The two ways out are (i) reduce sampling-step count by switching to a denoiser parameterisation that gives competitive quality at fewer steps (flow matching [3], LCM [2]), and (ii) reduce per-step cost by switching the backbone to a linear-time architecture (Mamba [4]). Both decisions in the thesis line are seeded by the cost observation made on the red-square toy here.

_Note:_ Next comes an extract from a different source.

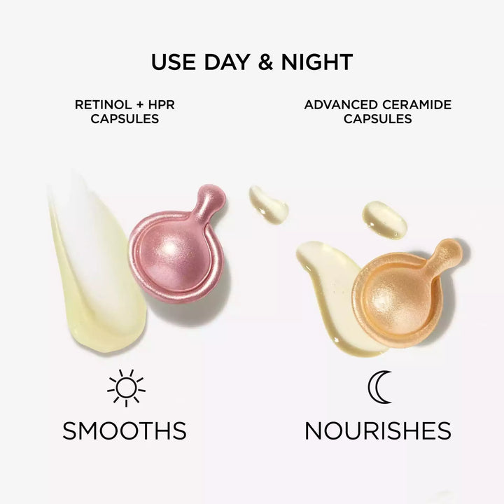 Use Day and Night. Retinol HPR Capsules for day to smooth and Advanced Ceramide Capsules at night to nourish your skin.

8. The Generalisable Lesson

Same as the transformer-from-scratch counterpart [7]: for any architectural class the thesis line will use load-bearing, build a 100-line from-scratch version on a toy problem first. For diffusion the toy is "one image and 100 schedule steps". For transformers the toy is "one short sentence and an untrained block". In both cases the cost is a few hours and the payback is faster paper reading and faster debugging across the year-scale thesis work.

9. Conclusion

A minimal DDPM was implemented from first principles and trained on a single 16 × 16 red-square image. The reverse-pass ancestral sampling reconstructs the training image with MSE < 0.01. The contribution is the documented from-scratch path and the sampling-cost observation that motivates the flow-matching and Mamba switches in the later thesis-line work.

References
[1] Ho, J., Jain, A., Abbeel, P. "Denoising Diffusion Probabilistic Models." NeurIPS, 2020.
[2] Jain, A. "Latent Diffusion Model Study." Thesis research, May 2025. /whitepaper/ldm-study
[3] Jain, A. "MNIST Flow-Matching Backbone Validation." Thesis research, Nov 2025. /whitepaper/mnist-flow-validation
[4] Jain, A. "MambaFlow3D: Spec, Speed-up Budget, and ModelNet10 Phase-2." Thesis research, Nov 2025. /whitepaper/mambaflow3d
[5] Jain, A. "Training JiT Diffusion on Two Consumer GPUs." Thesis research, Nov 2025. /whitepaper/jit-diffusion
[6] Jain, A. "Diffusion for Houdini Polylines — Design Study." Thesis research, Nov 2025. /whitepaper/polyline-diffusion
[7] Jain, A. "A Character-Level Transformer From First Principles." Thesis research, Sep 2025. /whitepaper/mini-llm
[8] Song, J., Meng, C., Ermon, S. "Denoising Diffusion Implicit Models." ICLR, 2021. DDIM — the faster-sampling cousin of DDPM not used here.